THE Supreme Court has overturned a High Court ruling and effectively cleared the Zimbabwe Power Company (ZPC) to cancel a multi-million-dollar solar tender awarded to businessman Wicknell Chivayo and his Intratrek Company.

Chivayo was awarded a US$183 million Gwanda Solar Project tender, and he also received US$5 million pre-commencement fees without a bank guarantee and without any work done.

He was later sued by the ZPC seeking to have the contract nullified.

The businessman’s company rushed to the courts in 2018 after ZPC gave it two weeks to complete pre-commencement works at the site in Gwanda and to provide a bank guarantee, failure of which it would cancel the project.

In June 2019, High Court judge Justice Tawanda Chitapi ruled that the contract between ZPC and Intratrek was still valid despite apparent contractual breaches by the contractor.

However, Supreme Court judges Francis Bere, Elizabeth Gwaunza and Chinembiri Bhunu on Monday ruled that Justice Chitapi erred in not finding that there was a material dispute of facts, following which he should have dismissed Intratrek’s application.

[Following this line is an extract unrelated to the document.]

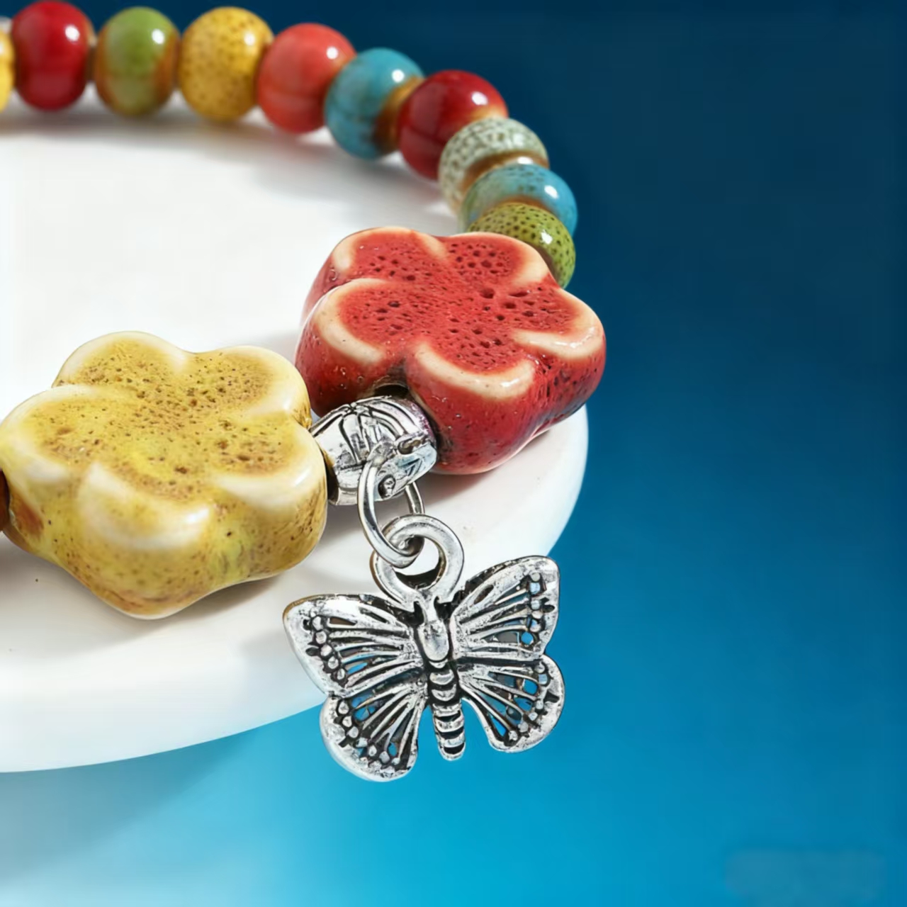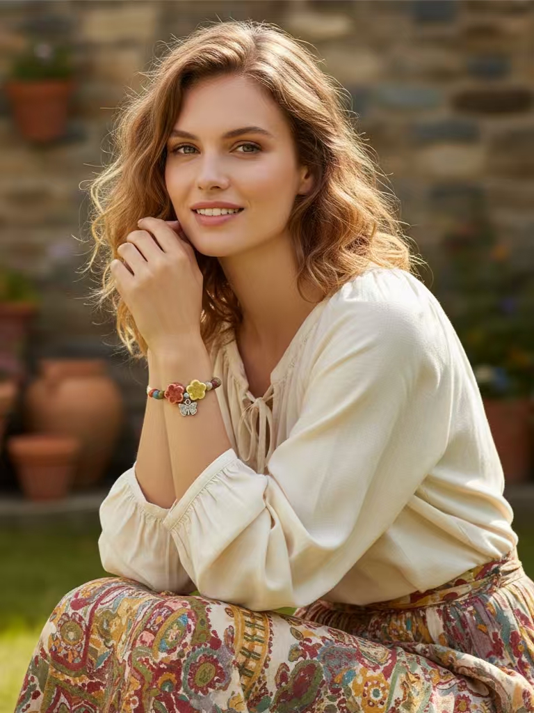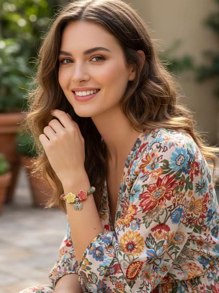 Inspired by the Yili River Valley after a rain shower—wildflowers bloom as vibrantly as Adelaide silk, and butterflies flutter like messengers of spring. We use ancient pottery techniques to blend the verdant green of the grasslands, the azure of the sky, and the crimson of the Flaming Mountains into ceramic beads, firing them to create warm, smooth beads with a crackled glaze. Adorned with flower and butterfly designs, these beads capture the message of spring. The bracelet carries the blessing of "joy and rebirth," wishing the wearer a life as vibrant as a spring day in Yili, a heart full of beauty, and free to blossom.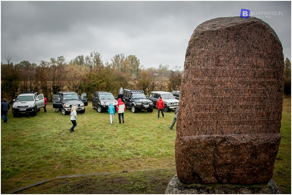 Pierwszy cel to odnalezienie obelisku upamiętniającego dekorację Krzyżem Virtuti Militari przez marszałka Józefa Piłsudskiego artylerzystów konnych za wojnę 1920 roku. Błonia Kawaleryjskie z ziemnym kopcem i pamiątkowym kamieniem zrekonstruowano w 1989 roku. Przygotowujący trasę Michał Bartosiak doprowadza nas na ukrytą z dala od dróg łączkę. Chwila spaceru, pamiątkowe zdjęcie i uciekamy z deszczu do ciepłych aut. Jest mokro, pełno błota, terenowo. Czyli wszystko to, co podoba się podczas takich wypadów.

“Undoubtedly, there were serious intractable material disputes of fact incapable of resolution without viva voce evidence. It is, therefore, plain that the case at hand was riddled with serious material disputes.

“There were allegations and counter factual allegations as to who is to blame for the alleged breach of contract. There is also a dispute as to whether or not the contract has since expired due to the effluxion of time.

“Without any further ado, it is clear that this was a case incapable of resolution without going to trial to determine the merits on the basis of viva voce (by word of mouth) evidence. Intratrek’s endeavour to avoid trial in the face of glaring material disputes of facts gives the unmistaken impression that it has something to hide that could be unearthed in the course of trial proceedings.”

The Supreme Court judges said it was “improbable and not in the least conceivable” that Intratrek’s lawyers were ignorant of the proper procedure to adopt when they approached the High Court.